Definisi hukum secara umum saat ini sangat dibutuhkan dikalangan akademisi dan praktisi, oleh karena hingga saat ini belum ada definisi hukum secara umum
yang disepakati oleh para pakar hukum. Meskipun secara umum memiliki
kesamaan, namun masing-masing pakar hukum mengemukakan definisi hukum
yang berbeda satu sama lain.
Kesulitan untuk membuat definisi hukum secara umum
yang disepakati oleh seluruh pakar hukum disebabkan beberapa alasan.

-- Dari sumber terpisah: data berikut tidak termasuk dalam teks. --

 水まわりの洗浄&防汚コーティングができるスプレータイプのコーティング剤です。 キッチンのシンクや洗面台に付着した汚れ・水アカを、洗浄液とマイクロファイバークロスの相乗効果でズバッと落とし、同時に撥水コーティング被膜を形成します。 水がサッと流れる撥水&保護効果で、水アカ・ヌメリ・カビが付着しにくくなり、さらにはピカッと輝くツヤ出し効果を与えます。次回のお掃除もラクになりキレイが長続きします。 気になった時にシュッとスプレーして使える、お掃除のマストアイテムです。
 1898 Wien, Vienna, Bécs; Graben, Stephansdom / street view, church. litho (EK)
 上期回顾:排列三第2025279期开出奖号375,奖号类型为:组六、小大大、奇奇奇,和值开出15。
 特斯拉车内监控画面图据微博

Diantaranya ada yang mengatakan bahwa hukum itu abstrak sehingga sulit
untuk membuat definisi yang kongkrit. Selain itu ada juga diantaranya
yang menyatakan bahwa hukum itu memiliki ranah yang sangat luas sehingga
sulit untuk memberikan batasan. Dengan demikian hingga saat ini belum
ada kesepahaman mengenai definisi hukum secara umum diantara para pakar atau ahli hukum.

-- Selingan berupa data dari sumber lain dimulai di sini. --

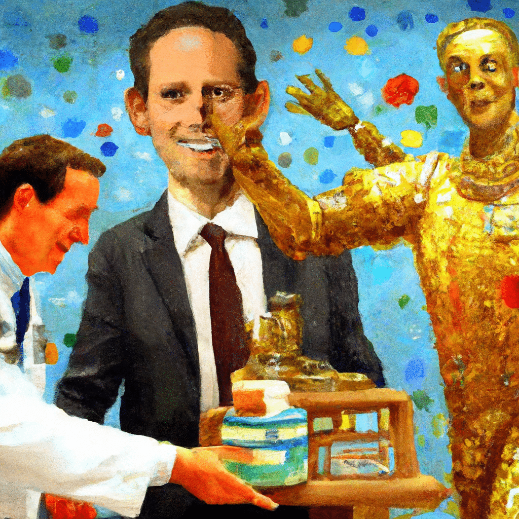 Prompt: The image portrays an Impressionist-style painting. The main focus is on Jeremy Hunt, the Health Secretary, appearing enthusiastic. He’s ceremoniously handing a gigantic, shimmering gold coin, representing the doubled funding, to a robotic figure dressed as an 18th-century scientist. This figure embodies the Alan Turing Institute. In the background, an AI Robot designed to resemble a pirate from the golden age is working on high-tech, futuristic research equipment, subtly indicating the theme. Wisps of colour blend the characters with the surroundings, typical of the Impressionist style.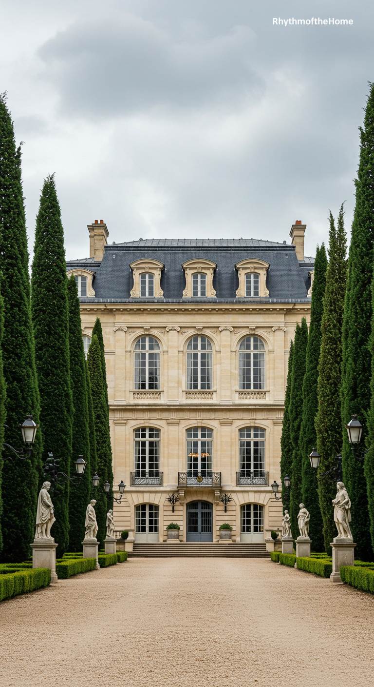 The approach to this stately French home is as magnificent as the building itself. A long, wide gravel drive is flanked by an imposing allée of tall, slender cypress trees and classical statues, creating a dramatic and formal procession towards the entrance. The house at the end is a grand, multi-story structure of pale stone, with a dark mansard roof and rows of elegant windows. The sheer scale and rigid symmetry of the landscaping, combined with the formidable architecture, speak of immense wealth, power, and a taste for breathtaking, classical grandeur.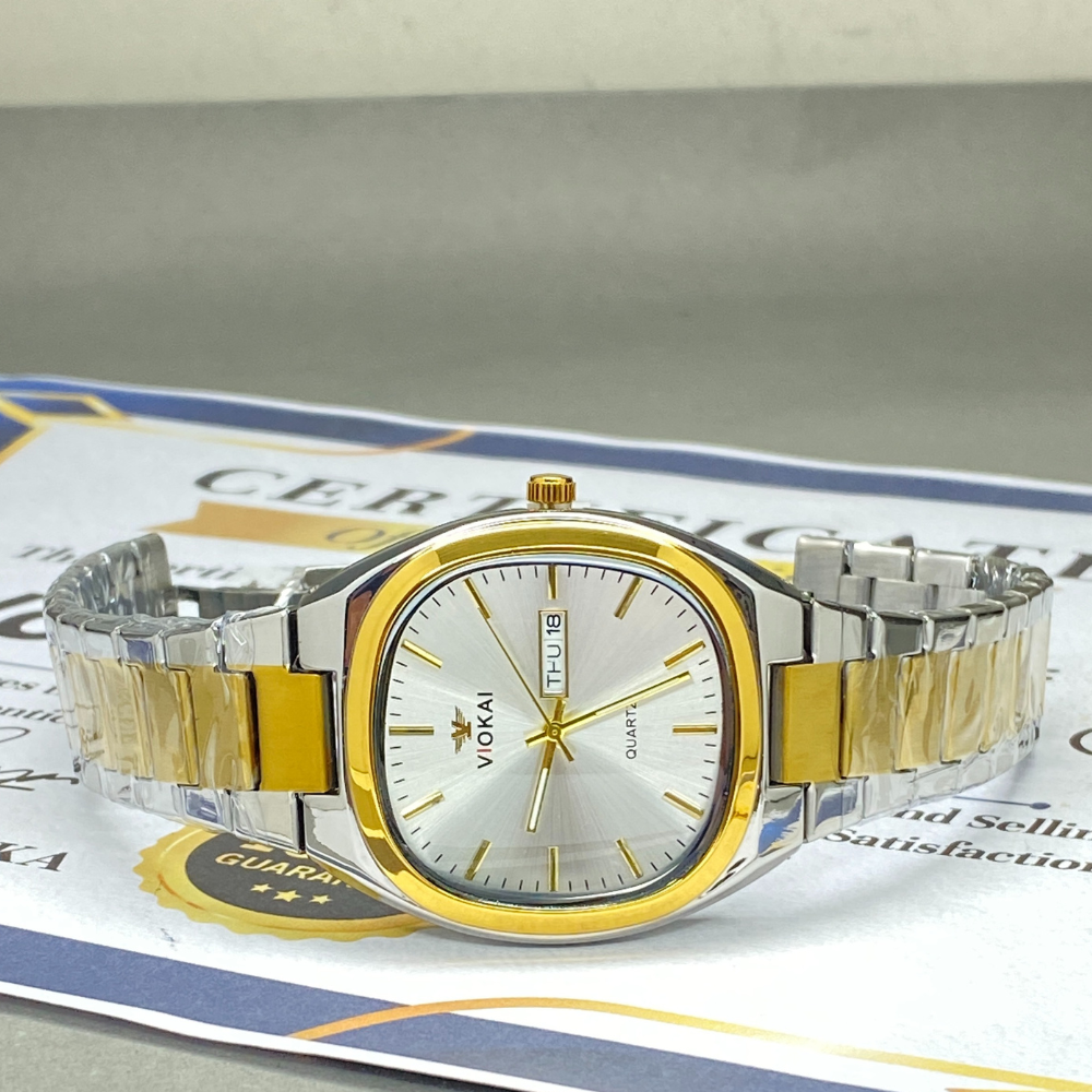 VIOKAI Slim Dial Analog Quartz Stainless Steel Made Chain Watch With Date & Day Display for Men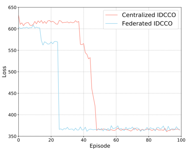 图3 Fed-IDCCO和集中式IDCCO之间的损失函数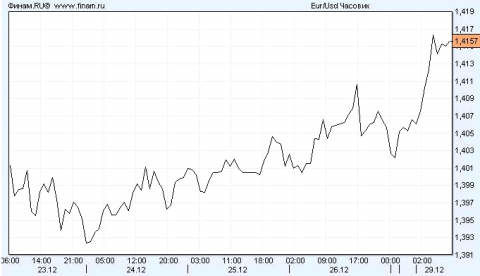 В течение трех первых дней недели у основных валютных пар резких движений не было. В понедельник, 22 декабря евро совершил попытку преодолеть уровень 1,4100. Задержаться выше этой отметки валюте не удалось, и она вернулась в диапазон 1,3900-1,4000, в котором и двигалась до праздников.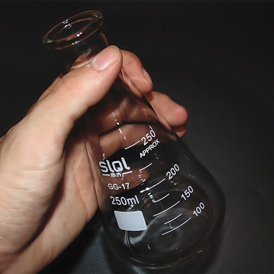 錐形瓶(beakerflask)一種化學實驗室常見的玻璃儀器。是硬質玻璃制成的縱剖面呈三角形狀的滴定反應器?谛 ⒌状,有利于滴定過程進行振蕩時,反應充分而液體不易濺出。該容器可以在水浴或電爐上加熱。外觀呈平底圓錐狀,下闊上狹,有一圓柱形頸部,上方有一較頸部闊的開口,有時可用由軟木或橡膠制作成的塞子封閉。瓶身上多有數(shù)個刻度,以標示所能盛載的容量。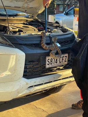 We were the talk of the town, no one has ever seen a carpet snake in this area.... The snake must have been in this hire car for weeks and has travelled from Northern NSW or Queensland inside the engine of the vehicle... Amazing !!

Definisi hukum secara umum sangat dibutuhkan bagi kalangan akademisi
dan praktisi, terlebih lagi bagi mereka yang baru belajar ilmu hukum.

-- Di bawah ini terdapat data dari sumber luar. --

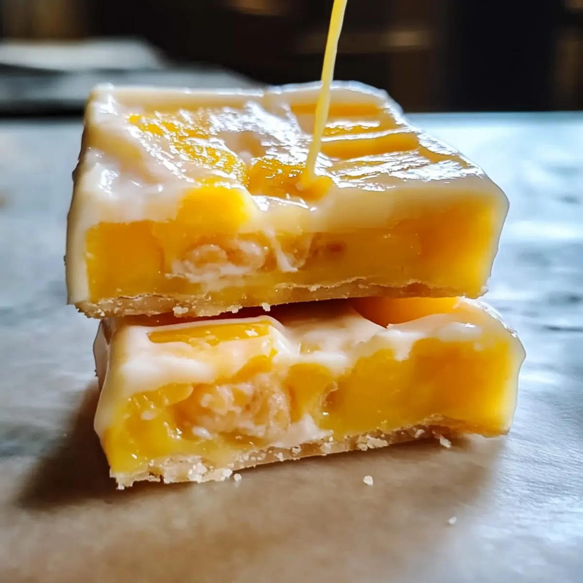 As I strolled through a local farmer’s market, a vibrant display of mangoes caught my eye, their golden hues promising a sweet escape from the mundane. That’s when the idea for Mango Dream Bars sparked in my mind—a tropical dessert that perfectly melds a buttery crust with a creamy filling for that refreshing burst of summertime joy. What I love most about these easy-to-make bars is how they embrace customization; whether you stick to the classic recipe or mix in some exotic fruit purees, they’re always a crowd-pleaser. Plus, with minimal prep time, you’ll have a delightful homemade dessert ready to impress your family or friends. So, who’s ready to dive into this stunning tropical indulgence? Why are Mango Dream Bars so irresistible? Bursting with flavor: The combination of smooth mango and buttery crust creates an explosion of taste with every bite. Customizable Delight: Feel free to experiment with different fruit purees or a hint of spice for a uniquely personal touch. Easy to Prepare: With minimal prep time, you’ll have a standout dessert without the hassle. Perfect for Sharing: These bars are a delightful crowd-pleaser, making them perfect for gatherings or casual get-togethers. Refreshing Treat: Light and zesty, they offer a great alternative to heavy desserts, leaving you feeling satisfied yet not weighed down. Enjoy them chilled by themselves, or serve alongside tropical drinks, like piña coladas, for an unforgettable sun-kissed experience! Mango Dream Bars Ingredients For the Crust • All-Purpose Flour – Provides structure for the crust; use gluten-free flour for a gluten-free option. • Unsalted Butter – Adds richness and creaminess to both crust and filling; vegan butter can be substituted for a dairy-free version. • Granulated Sugar – Sweetens the crust and balances the mango’s tartness; consider brown sugar for a deeper flavor. • Salt – Enhances all flavors throughout the dessert. • Vanilla Extract – Boosts the overall flavor profile; opt for pure vanilla for the best taste. For the Filling • Mango Puree – The star ingredient that provides that luscious tropical flavor; fresh or frozen mangoes work well, but canned puree is an alternative. • Large Eggs – Binds the filling and contributes to its texture; for an egg-free option, try a flax egg or applesauce. • Cornstarch – Essential for setting the filling and achieving the right consistency; can be swapped with arrowroot powder. • Lemon Juice – Brightens the filling; lime juice can be used for a zesty twist. Optional Toppings • Shredded Coconut – Adds delightful texture and flavor on top; feel free to omit for a simpler finish. Get ready to whip up these Mango Dream Bars! They’re not just an easy dessert; they’re a perfect base for your creative flair. Step‑by‑Step Instructions for Mango Dream Bars Step 1: Preheat Your Oven Begin by preheating your oven to 350°F (175°C). While your oven heats, prepare an 8×8-inch square baking pan by greasing it lightly or lining it with parchment paper for easy removal later. This step is crucial as a well-prepped pan ensures that your Mango Dream Bars come out perfectly. Step 2: Create the Crust Dough In a mixing bowl, combine all-purpose flour, granulated sugar, and salt. Then, add the softened unsalted butter and vanilla extract. Using your fingers or a pastry cutter, blend these ingredients together until you achieve a crumbly texture that holds together when pressed. This crust serves as a flavorful foundation for your bars. Step 3: Press and Bake the Crust Transfer the crust mixture into the prepared baking pan, pressing it evenly across the bottom. Bake in the preheated oven for 12-15 minutes, or until the edges turn a golden brown. You’ll know it’s ready when you see the slight puff and the delightful aroma fills your kitchen. Once baked, let it cool slightly while you prepare the filling. Step 4: Prepare the Mango Filling In a saucepan over medium heat, combine the mango puree, granulated sugar, cornstarch, lemon juice, and a pinch of salt. Stir continuously for about 5-7 minutes until the mixture thickens and becomes slightly glossy. This luscious filling will bring the vibrant tropical flavor to your Mango Dream Bars, so make sure to keep an eye on it! Step 5: Mix in the Eggs and Vanilla Allow the mango mixture to cool for a few minutes to prevent cooking the eggs. Once it’s slightly warm, whisk in the large eggs and vanilla extract until the filling is smooth and well combined. This step is key for creating a creamy texture that perfectly complements the crisp crust beneath. Step 6: Bake the Filling Pour the mango filling over the cooled crust, spreading it evenly with a spatula. Return the pan to the oven and bake for another 20-25 minutes. The filling should be set and slightly golden on top, which indicates that your delicious Mango Dream Bars are nearly finished. Step 7: Cool and Chill Once baked, remove the Mango Dream Bars from the oven and let them cool completely at room temperature. For optimal texture, refrigerate the bars for 1-2 hours before slicing. This resting period allows the filling to set perfectly, making cutting into delightful bars a breeze. What to Serve with Mango Dream Bars Imagine wrapping up a sun-soaked afternoon with these tropical delights, treating your taste buds to a delightful burst of flavor. Tropical Fruit Salad: A mix of juicy fruits like pineapple, kiwi, and berries adds freshness, perfectly balancing the creamy bars. Piña Colada: This classic cocktail, with its coconut and pineapple flavors, enhances the tropical experience, transporting you straight to paradise. Coconut Whipped Cream: A light and fluffy topping provides a luscious complement to the bars, accentuating their creamy filling beautifully. Lemon Sorbet: The tangy flavor of sorbet contrasts wonderfully with the sweet bars, creating a refreshing palate cleanser between bites. Grilled Peaches: Sweet, carameliz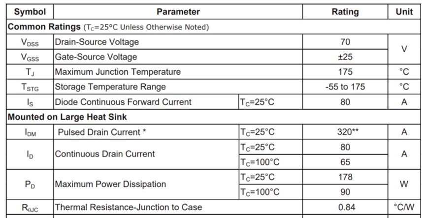 MOS的型号是HY1707,这是HUAYI(华羿微)的一颗70V80A6mΩ的NMOS,封装是TO220FB-3L。价格大概在1.5差不多可以拿下,这个猜的也差不多。参数如下:

Adanya definisi hukum secara umum akan sangat membantu mereka yang baru
belajar ilmu hukum agar dapat dengan mudah memahami ilmu hukum, baik
secara praktis maupun formil.
Unsur yang terkandung dalam Definisi Hukum Secara Umum
Untuk memudahkan kita dalam mempelajari dan memahami hukum, maka definisi hukum secara umum
dan untuk memudahkan membuat definisi hukum secara umum, maka definisi
hukum yang dirumuskan hanya merujuk pada pengertian hukum secara
normatif.
Sehubungan dengan hal tersebut, maka dapat ditarik beberapa
kesimpulan dari definisi hukum yang telah dikemukakan oleh para pakar
atau ahli hukum. Dari beberapa pengertian dan batasan yang diberikan
oleh pakar hukum, maka terdapat beberapa unsur yang terkandung dalam
definisi hukum secara umum, antara lain: peraturan yang mengatur tingkah
laku manusia dalam kehidupan bermasyarakat, peraturan diadakan oleh
lembaga yang memiliki kewenangan, peraturan yang bersifat memaksa dan
peraturan yang memiliki sanksi.
Definisi Hukum Secara Umum
Definisi hukum secara umum mengandung kesatuan dari unsur-unsur yang
disebutkan diatas, yakni peraturan yang mengatur tingkah laku manusia
dalam kehidupan bermasyarakat yang diadakan oleh lembaga yang berwenang,
bersifat memaksa dan memiliki sanksi.